Bob Hoban, managing partner and co-founder of Hoban Law Group, says they have already been working internationally for years. “HLG steps in to global markets quickly as our direct work with government officials on policy and regulation has kept us in this important global curve,” says Hoban. “We have accepted the challenge of being global cannabis industry leaders & experts and will work with strategic industry-leading partners, such as New Frontier Data, to move the industry forward across six countries.”

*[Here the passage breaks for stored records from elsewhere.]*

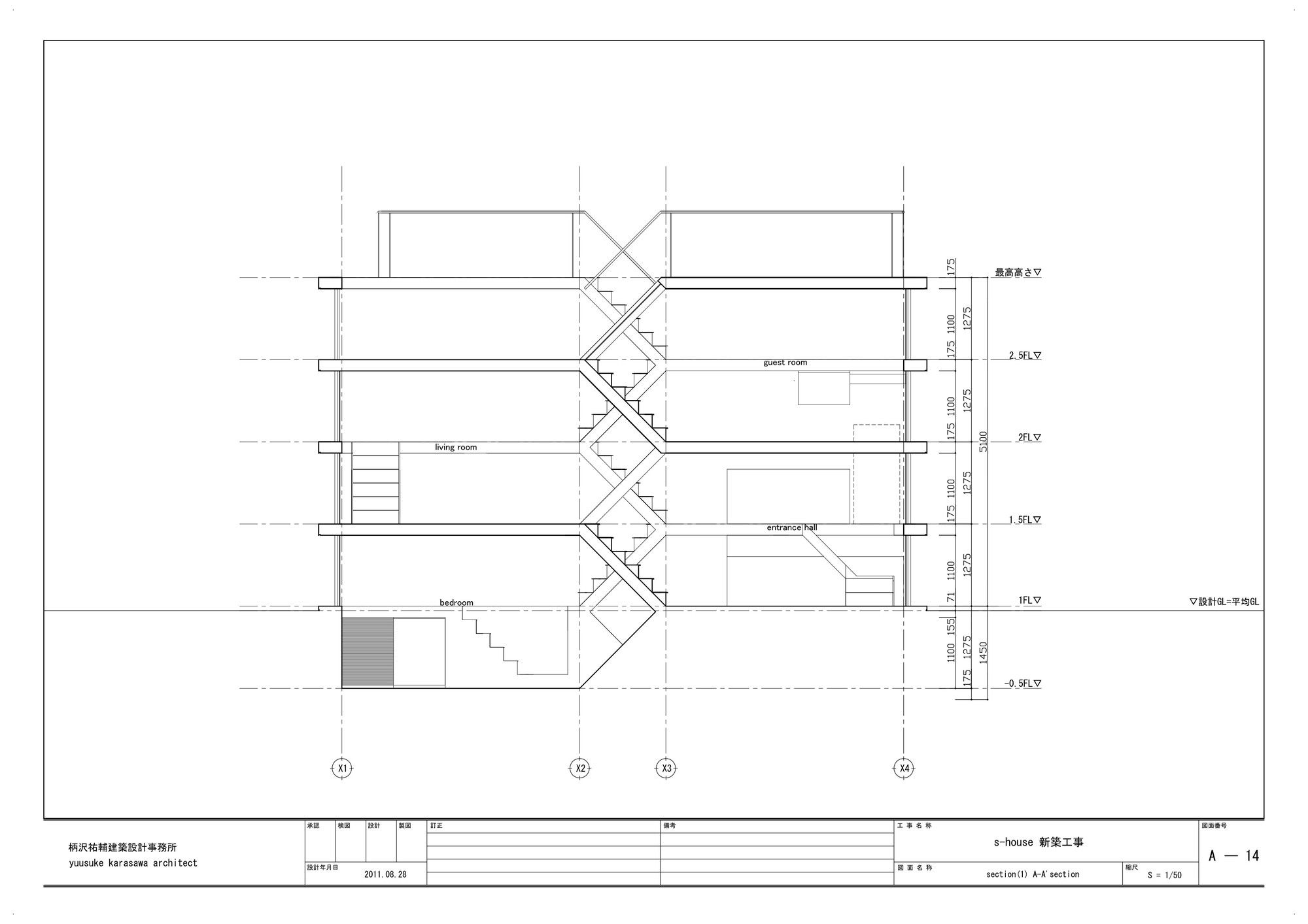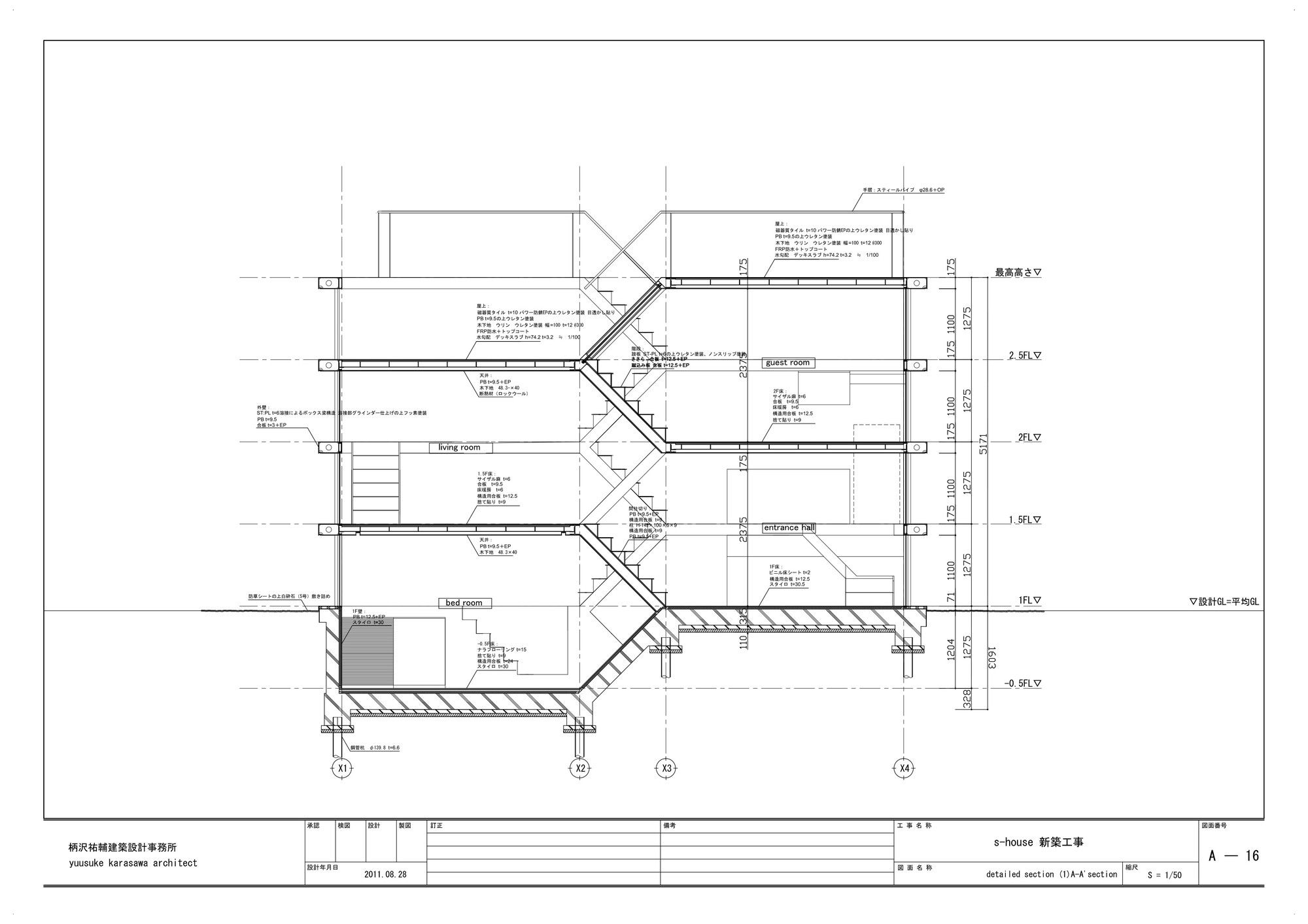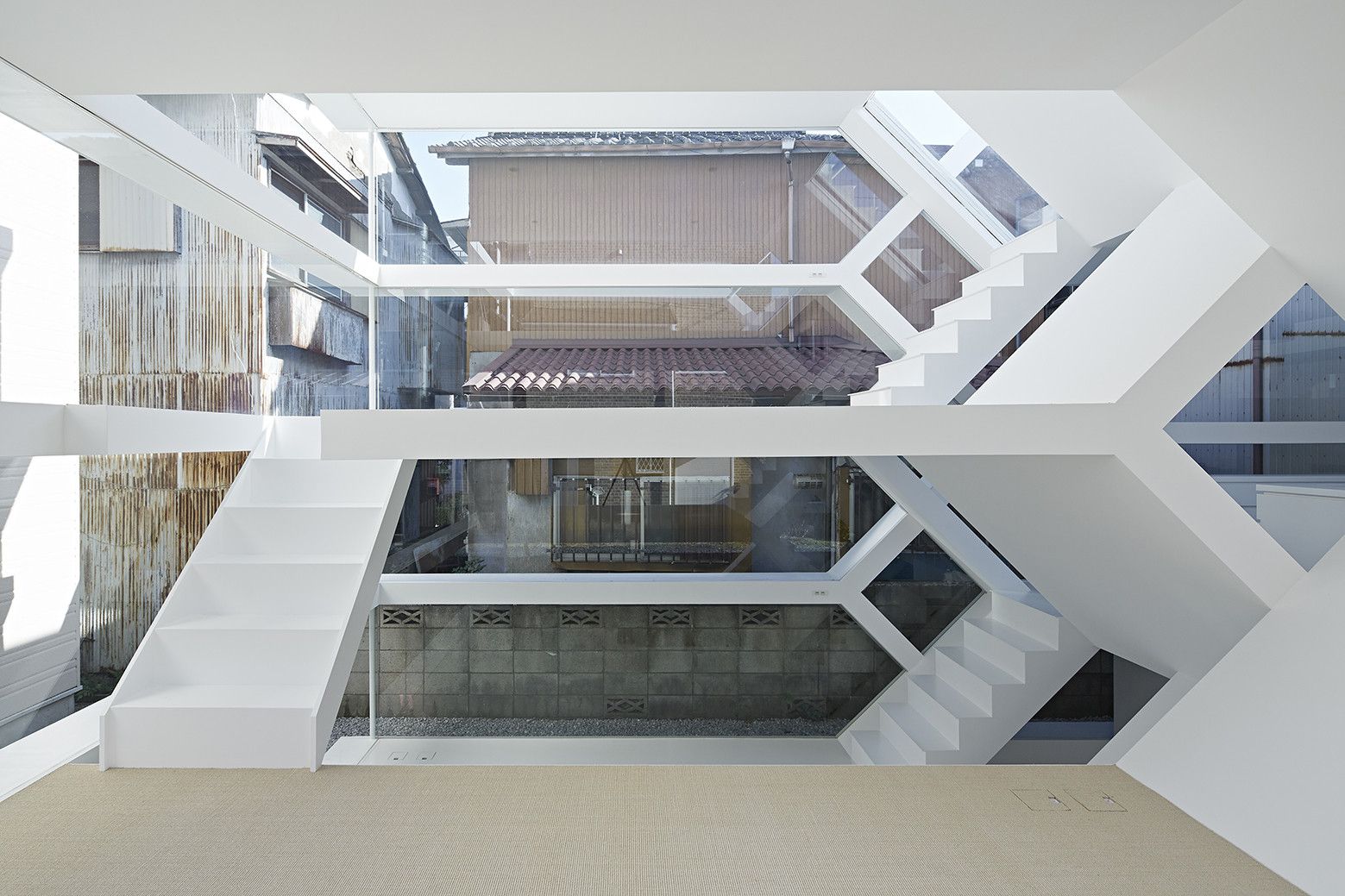 This astonishing design transforms the spaces into evenly sized rooms carrying all functions of the residence. The S-House plan is composed of a rectangular grid which has been divided into quarters. The quarters alternate between solid and void creating split levels joined by staircases, rather than corridors, in each floor. The vertical circulation connects the complex of surfaces from the basement level to the rooftop deck. “The floors themselves entwine diagonally, with a void that looks out to the opposing space created at the center of this complicated floor,” said Karasawa.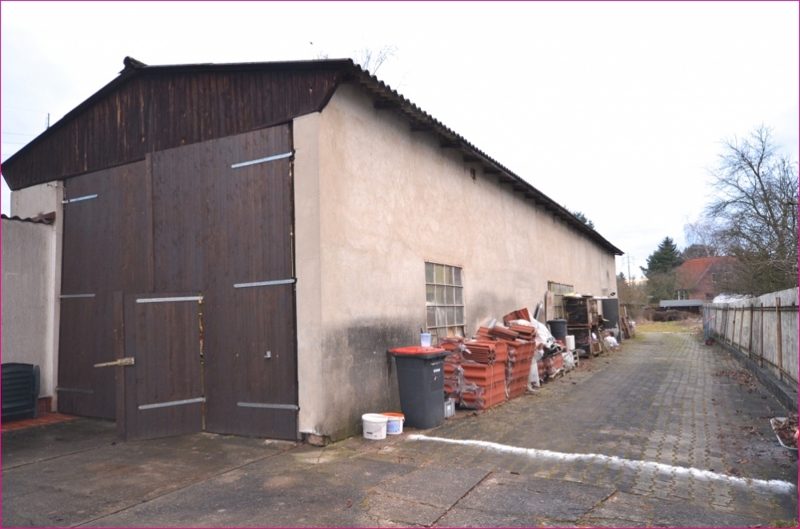 Das Grundstück ist mit einer teilmassiven Lagerhalle bebaut, welche eine Grundfläche von ca. 10,50 Meter x 26 Meter hat. Die Zuwegung zum Grundstück hat eine Tiefe von ca. 35 Meter und eine Breite von ca. 4,50 Meter. Die anfallende Abriss- und Entsorgungskosten sowie die Teilungs- und Vermessungskosten sind vom Käufer zu tragen.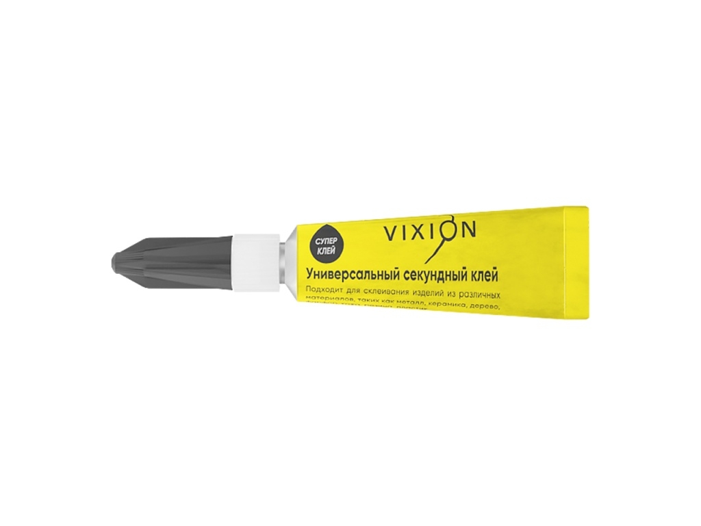 Супер клей универсальный прозрачный 3 гр. VIXION PRO идеален для быстрых ремонтных работ. Клей хорошо растекается, максимально заполняет трещины и моментально застывает. Предназначен для быстрого склеивания дерева, кожи, резины, бумаги, фарфора, пластика и металла. Клей хорошо переносит перепады температур. Объем 3г. Обеспечит мгновенное склеивание за 5 секунд. Благодаря своей жидкой консистенции клей позволяет максимально заполнить трещины при склеивании деталей. Суперклей быстро затвердевает и обладает высокой прочностью. Благодаря своей прозрачности незаметен на предметах. Чтобы достичь наилучшего результата при склеивании, рекомендуем очистить и высушить поверхности, затем покрыть их клеем и плотно прижать друг к другу. Используйте защитные перчатки!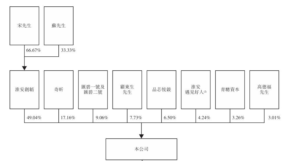根据招股书,宋奇和苏旭翔通过控制淮安创韬,持有公司约49.04%股份。此外,宋奇凭借担任公司雇员激励平台淮安遇见好人的普通合伙人,有权行使公司约4.24%股份所附带的投票权。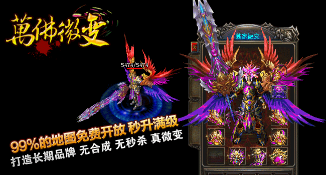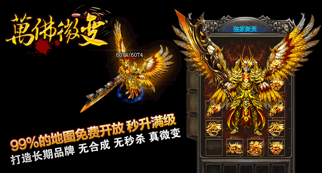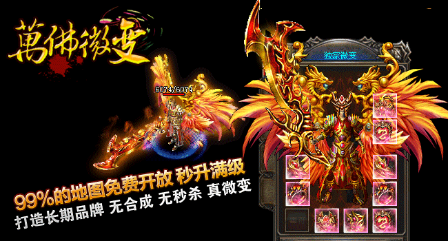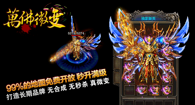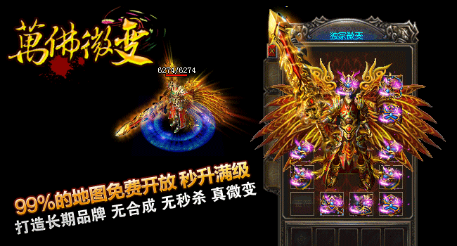 游戏介绍① >> 2014年萬佛微变重金聘请资深游戏策划主创及专业美工人员,历时半年多创新修改,呕心沥血制作, |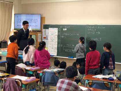 2年生の算数、4年生の英語の授業風景です。英語の授業では、今日の振り返りをしています。
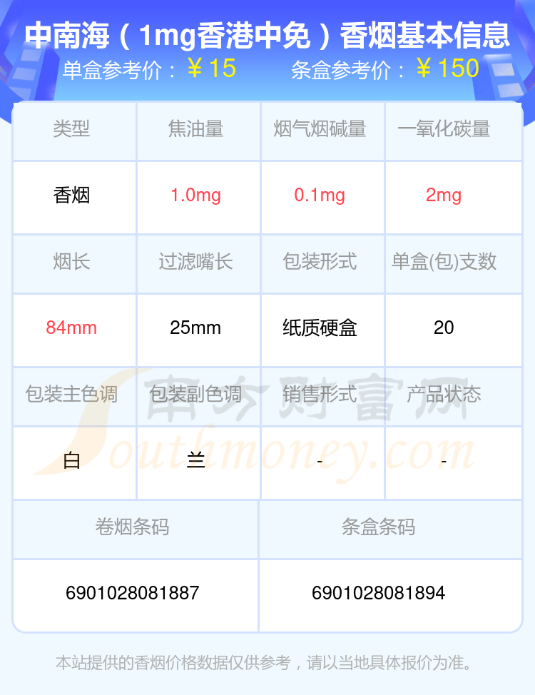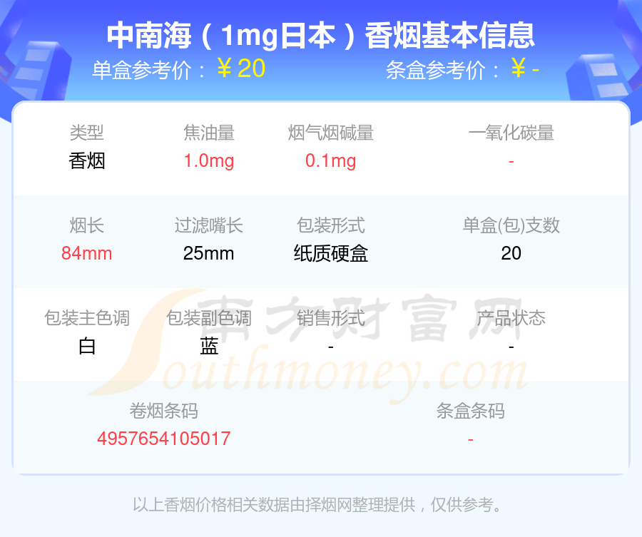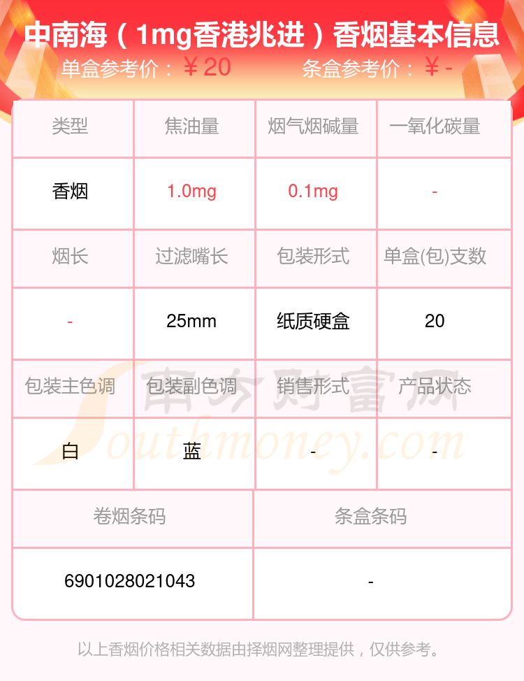 以上香烟价格相关数据由择烟网整理提供,仅供参考。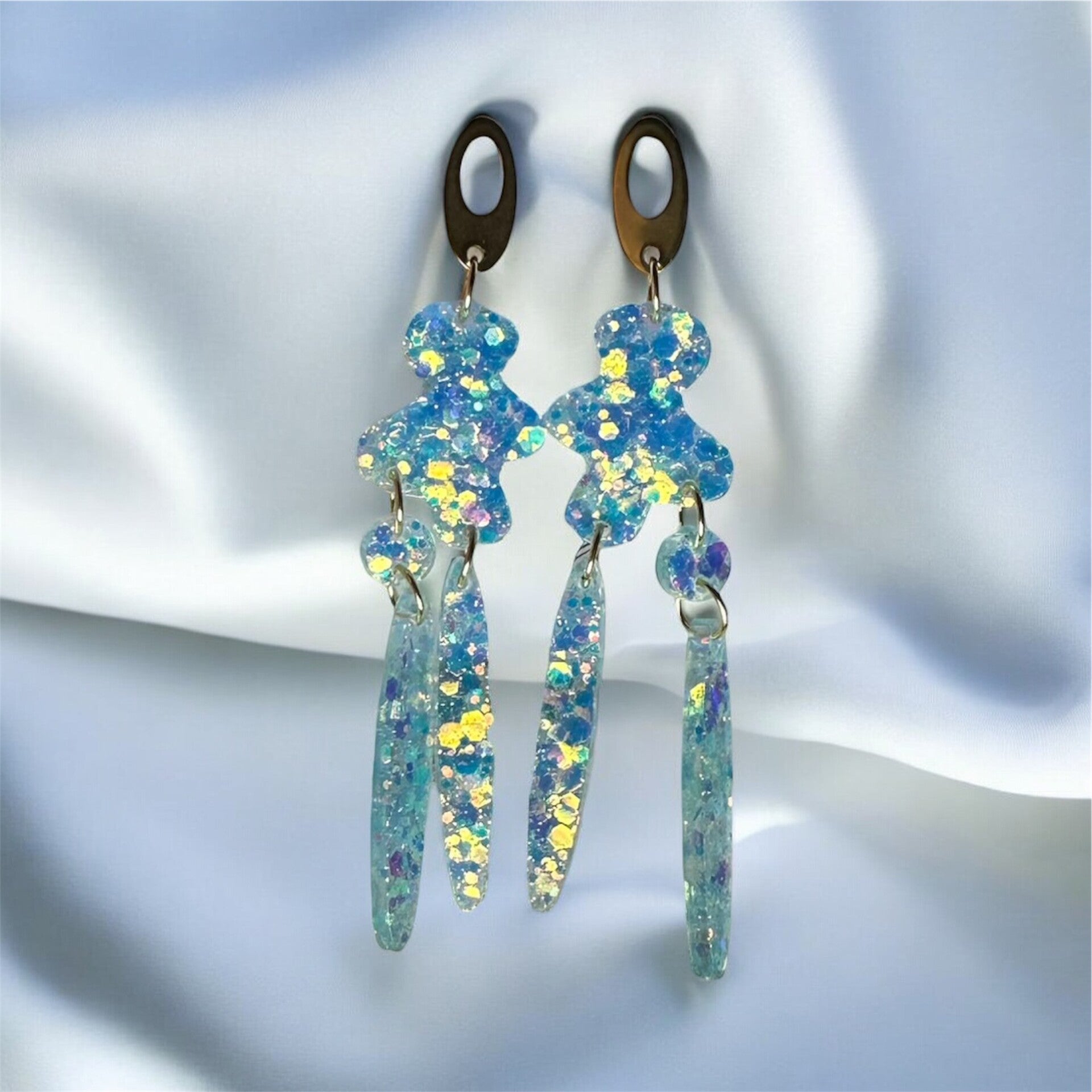Boucles d'oreilles faites à la main, en résine époxy, avec des apparats en acier inoxydable.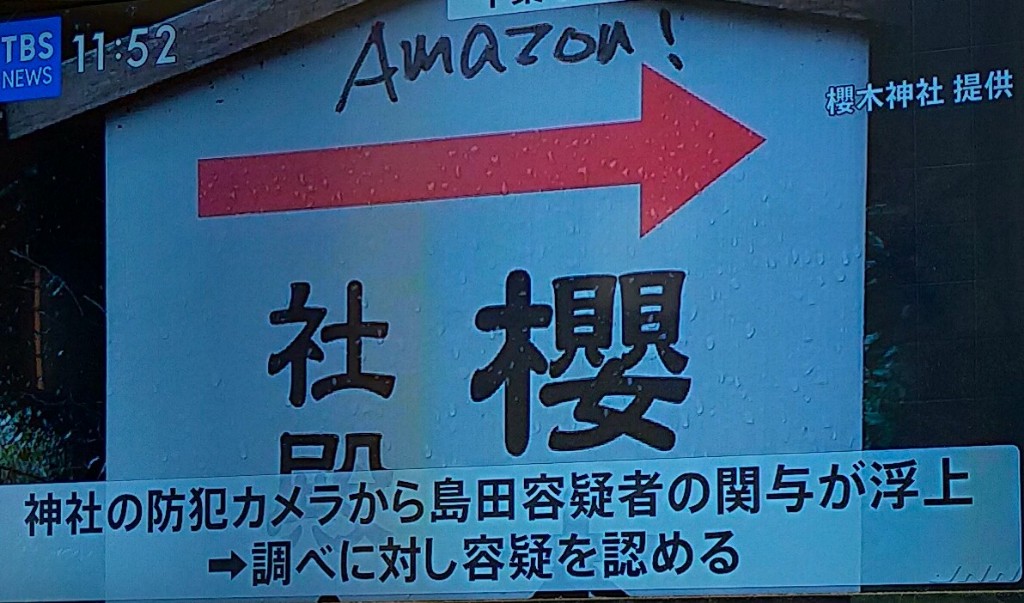 神社の「Amazon!」落書き、自称無職の男を逮捕…宮司「コロナで人の心もすさんでいる」

The press release says the law firm has been advising governments around the world on cannabis policy for several years, as well as working on a handful of international business transactions in the past. These new offices will work mainly with structured finance, mergers and acquisitions, worldwide trade, regulatory law and equity placement in the cannabis (including industrial hemp) industry. “Combining the firm’s corporate practice, with our intellectual property and tax practice groups will position our firm’s client’s to succeed at the highest levels in this international marketplace,” says Hoban.

The press release also announced they have added Andrew Telsey, an experienced securities attorney, to their firm. He has helped take more cannabis businesses public in the U.S. than any other attorney.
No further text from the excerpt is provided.